TRUST & ESTATE GUIDES

Common Questions on Estate Planning

CONTACT US
  • What is probate?

    Probate is the legal process through which the court sees that, when you die, your debts are paid and your assets are distributed according to your will or where no will under California probate law that stipulates shares to your closest living relatives, beginning with spouse and children. If you don’t have a valid will, your assets are distributed according to state law to your closest living relatives.

  • Is probate bad?

    It can be expensive. Legal/executor fees and other costs must be paid before your assets can be fully distributed to your heirs. If you own property in other states, your family could face multiple probates, each one according to the laws in that state. Because these costs can vary widely, be sure to get an estimate.


    It takes time, usually 9 months to 2 years. During part of this time, assets are usually frozen so an accurate inventory can be taken. Nothing can be distributed or sold without court and/or executor approval. If your family needs money to live on, they must request a living allowance, which may be denied.


    Your family has no privacy. Probate is a public process, so any “interested party” can see what you owned and who you owed. The process “invites” disgruntled heirs to contest your will and can expose your family to unscrupulous solicitors.


    Your family has no control. The probate process determines how much it will cost, how long it will take, and what information is made public.

  • Does a will avoid probate?

    Conventional wisdom is that a will may be acceptable, but this wisdom is misplaced –primarily because a will does not avoid probate when you die. A will must be accepted by the probate court before the chosen executor can act and take care of matter such as distribution of assets to beneficiaries.


    A will is also unacceptable because it provides no protection if you become physically or mentally incapacitated. In the event of  incapacity, your loved one may have to go to court to establish a conservatorship to manage the assets of a loved one.


    For these and other reasons, the revocable living trust has proven to be the best solution for passing on your wealth to loved ones. A trust avoids probate, and lets you keep control of your assets while you are living and then leaves someone you have chosen to distribute your assets upon death without the need for court intervention.

  • Does joint ownership avoid probate?

    Joint ownership is a common form of ownership for such items as real estate and bank accounts. Joint ownership with right of survivorship leaves the property to the coowner upon the death of one owner. A will does not control who gets this property. Not even a trust. 

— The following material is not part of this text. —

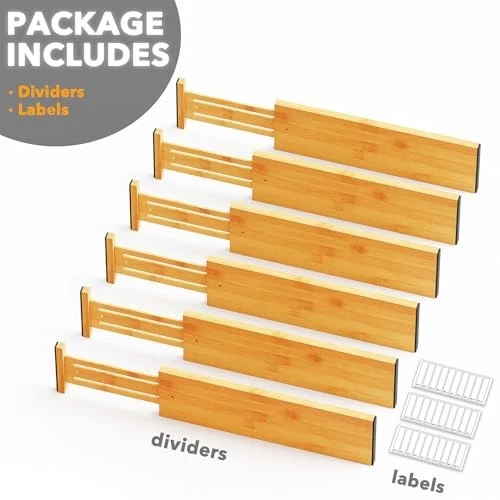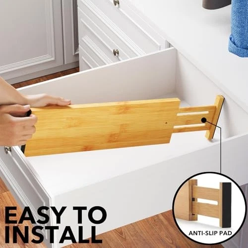 Return Policy Fast Delivery Trusted seller Bamboo Dresser Drawer Dividers 6 Pack, 4.65“ High Adjustable 17“-22” Drawer Organizers, Expandable Organization for Clothing, Clothes, Dressers, Natural Product Description 6 Drawer Dividers: Customize your dresser drawer with our dresser organizers; You can organize your clothes dresser with this 4.65 inches high drawer dividers 30 Label Stickers Included: Identify drawer contents instantly with this organizer label stickers set; Write directly on the label and stick it to the dividers; The preprinted arrow on the label helps you identify more efficiently Adjustable Expandable Organization: Each drawer divider is 4.65" wide, 0.6" thick and expandable from 17" to 22" in full length; Suitable for most drawers in your home, bedroom, bathroom, closet and office Drawer Dividers That Stay in Place: Strong spring-loaded design makes them sturdy dividers, with non-slip rubber pads in the end, keeping it stay put all the time and protect your drawers from scratches Easy Organization: Effortlessly sort clothing, accessories, office supplies, and kitchen utensils; Find what you need in seconds with our simple drawer organizers solution Shipping Returns Payment Shipping Shipping is FREE to all addresses other than APO/PO boxes in the lower 48 states. All our stock ships from US-based warehouses. Shipped via USPS or UPS (depending on location and package weight) Unless stated otherwise, all orders will ship within 24-72 hours of your payment being processed. Check our feedback to see the great reviews of FAST shipping we offer. Returns Seller does not accept returns Payment We currently accept payment via eBay managed payments only. Once payment is cleared, we will dispatch your shipment within 1-3 business days. Please refer to the "Shipping" tab for more information regarding shipping speed to your destination.

    With joint ownership, when the surviving owner dies, ordinarily probate is required. In effect, probate has been delayed but not avoided with joint ownership. Now that the surviving owner has died, the asset must be probated before it can go to the heirs of the survivor.


    There are other problems. When you add a co-owner, you now have another person who has say in decisions relating to the management and distribution of the property. In effect, you lose control. Your chances of being named in a lawsuit and of losing the asset to a creditor are increased. 

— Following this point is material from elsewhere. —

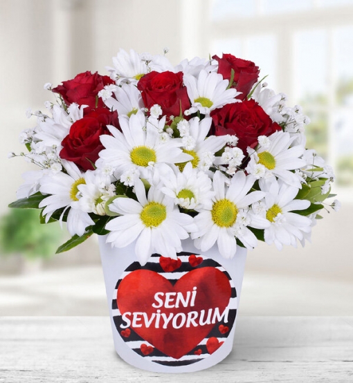 Papatyanın güzelliği, kırmızı gülün asilliğine karşı. Bu yarışta kazanan sevdikleriniz olacak. Not: Papatyaların yapısı gereği aranjmandaki çiçek adedine tomurcuklar da dahildir.
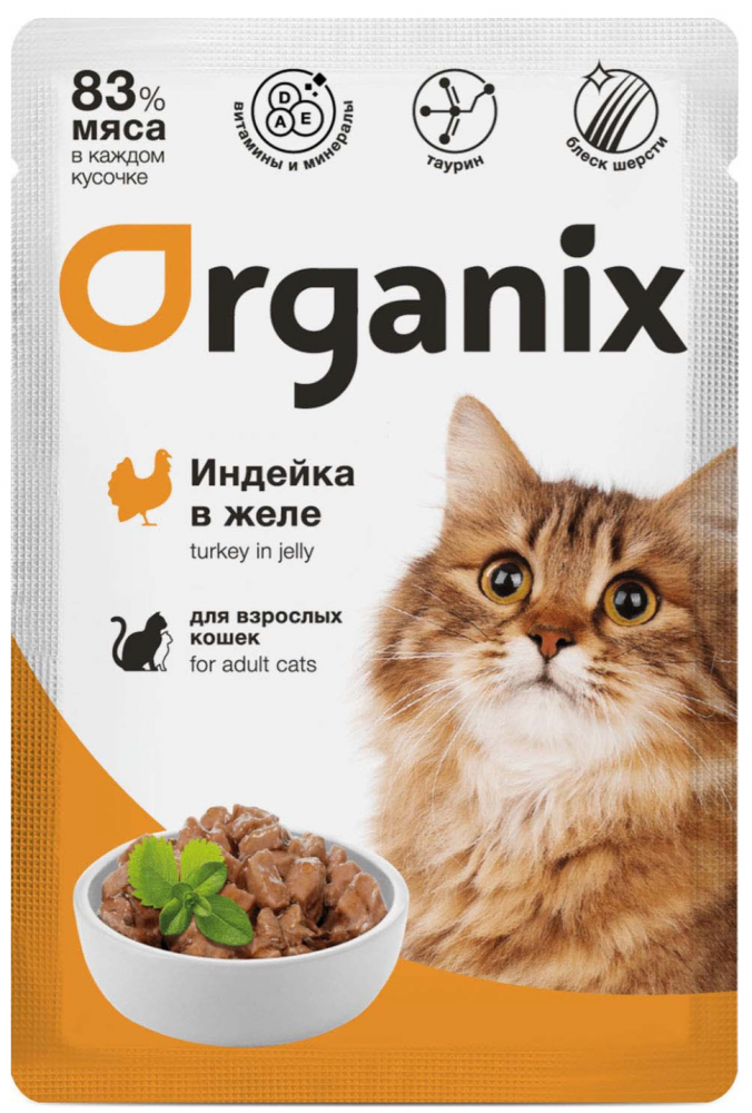 Паучи Органикс Индейка: ЖЕЛЕ 85 г для кошек

  • What is a living trust?

    A living trust is a legal document that, just like a will, contains your instructions for what you want to happen to your assets when you die. But, unlike a will, a living trust avoids probate at death, can control all of your assets, and prevents the court from controlling your assets in the event you or your loved one suffers from incapacity and no longer can handle their financial affairs.

  • What is a durable power of attorney?

    Yes. A durable power of attorney lets you name someone to manage your financial affairs if you are unable to do so. However, many financial institutions won’t honor one unless it’s on their form. When the power of attorney does work, you have to consider the fact that the person you have selected to manage your affairs ordinarily has enormous power, in effect almost like a “blank check” to do whatever your appointed agents wants with your assets. A power of attorney is usually created with your living trust.

  • How does a living trust avoid probate?

    When you create a living trust, you typically place the assets in your name but in a new role as trustee of your trust. In this same document, you select someone to take over when you cannot act any longer due to incapacity or death. By making these choices and transferring assets to the trust, court involvement is avoided.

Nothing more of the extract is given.